Here, Presiding Justice Pesce, Justices Weston and Solomon, and Chief Clerk Kenny are state officers. Specifically, Presiding Justice Pesce and Justices Weston and Solomon are state officers because they are justices of the Appellate Term, and Kenny is a state officer because he is Chief Clerk of the Appellate Term, Second Department. See Casaburro v. Giuliani, 986 F.Supp. 176, 182 (S.D.N.Y.1997) (granting state court clerk's motion to dismiss official capacity suit on Eleventh Amendment grounds); see also Davis v. State of N.Y., No. 90 Civ. 6170(MBM), 1991 WL 156351, at *2 (S.D.N.Y. Aug. 6, 1991) (dismissing claim against state-court officials on Eleventh Amendment grounds), aff'd, 106 Fed.Appx. 82 (2d Cir.2004). Thus, because these defendants are state officers and because New York state has not waived its sovereign immunity for suits under § 1983, these defendants are immune from suits for money damages in their official capacity.

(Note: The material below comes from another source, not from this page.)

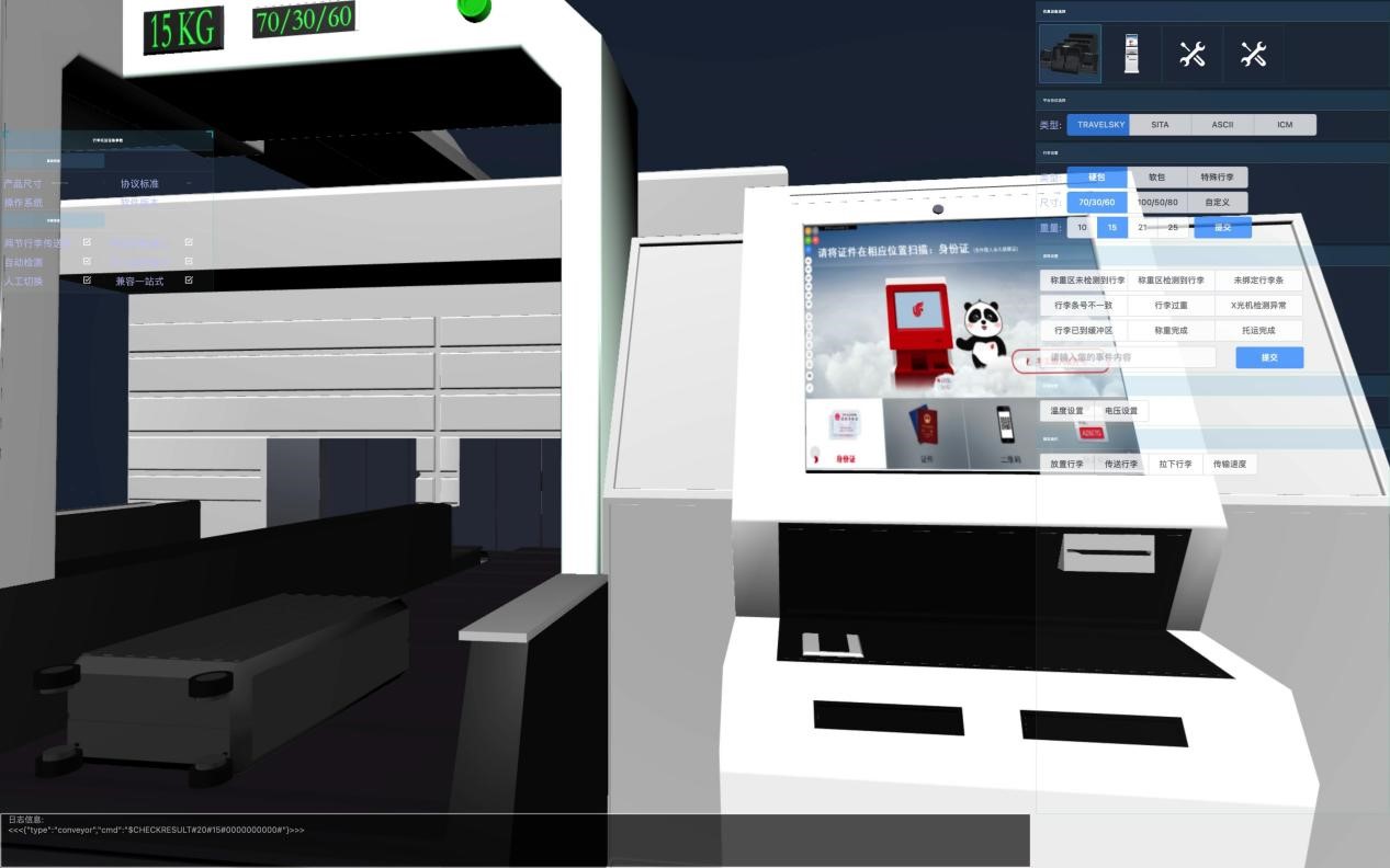 该仿真平台通过1∶1的3D建模等技术实现行李托运设备的三维可视化,同时根据仿真场景需要设置功能操作区,提供包括平台协议、行李类型、行李重量、仿真流程等选项,系统后端通过自研物联网平台与真实值机柜机进行数据通信。旅客在值机过程中按照页面提示输入证件信息并选择行李托运类型后,仿真平台便会模拟放置行李以及行李称重过程,将信息推送到值机柜机上。值机柜机使用真实设备,行李托运使用仿真平台,模拟行李放置和托运过程,实现托运设备缺失下的全流程装机测试验证。

See, Mamot v. Bd. of Regents, 367 Fed.Appx. 191, 192 (2d Cir.2010) (“It is well-established that New York has not consented to § 1983 suits in federal court....”).
2. Judicial Immunity
Defendants Presiding Justice Pesce, Justices Weston and Solomon, and Chief Clerk Kenny are entitled to absolute judicial immunity. In determining whether absolute immunity or qualified immunity applies to a particular officer, courts apply “a ‘functional’ approach to immunity questions other than those that have been decided by express constitutional or statutory enactment.” Forrester, 484 U.S. at 224, 108 S.Ct. 538. “[I]mmunity is justified and defined by the functions it protects and serves, not by the person to whom it attaches.” Id. at 227, 108 S.Ct. 538 (emphasis removed); see also Bliven v. Hunt, 579 F.3d 204, 210 (2d Cir.2009) (explaining, in context of suit against judge, that “[i]n employing this functional analysis, the Supreme Court has generally concluded that acts arising out of, or related to, individual cases before the judge are considered judicial in nature”).
Although Chief Clerk Kenny is not a judge, judicial immunity can extend to non-judges “who perform functions closely associated with the judicial process.” Cleavinger v. Saxner, 474 U.S. 193, 200, 106 S.Ct. 496, 88 L.Ed.2d 507 (1985). Thus, absolute judicial immunity can apply to officials such as court clerks when the clerks perform tasks integral to the judicial process, such executing a judge's orders. See Rodriguez v. Weprin, 116 F.3d 62, 67 (2d Cir.1997) (“Even ‘when functions that are ... administrative in character have been undertaken pursuant to the explicit direction of a judicial officer, ... that officer's immunity is also available to the subordinate.’ ” (quoting Kincaid v. Vail, 969 F.2d 594, 601 (7th Cir.1992) )); McKnight v. Middleton, 699 F.Supp.2d 507, 525 (E.D.N.Y.2010) (“[A] clerk's acts that implement judicial decisions or that are performed at the direction or under the supervision of a judicial officer come under the ambit of judicial immunity.”); Isasi v. Heinemann, No. 08–CV–5284, 2009 WL 159601, at *2 (E.D.N.Y. Jan. 22, 2009) (explaining that court clerks are entitled to absolute immunity where “the judge was the ultimate decision maker and the clerk was just carrying out the orders of the judge”); Sindram v. Suda, 986 F.2d 1459, 1460 (D.C.Cir.1993) (“[C]lerks, like judges, are immune from damage suits for performance of tasks that are an integral part of the judicial process.”). On the other hand, when a judge or clerk is performing duties unrelated to the adjudicative process, only qualified immunity attaches. See, e.g., Forrester v. White, 484 U.S. 219, 229–30, 108 S.Ct. 538, 98 L.Ed.2d 555 (1988) (finding judge not entitled to absolute immunity for decision to demote and fire a probation officer); Atherton v. D.C. Office of Mayor, 567 F.3d 672, 683–86 (D.C.Cir.2009) (finding that juror officer not entitled to absolute quasi-judicial immunity for dismissing allegedly disruptive grand juror because act was an administrative one, unrelated the adjudicative context).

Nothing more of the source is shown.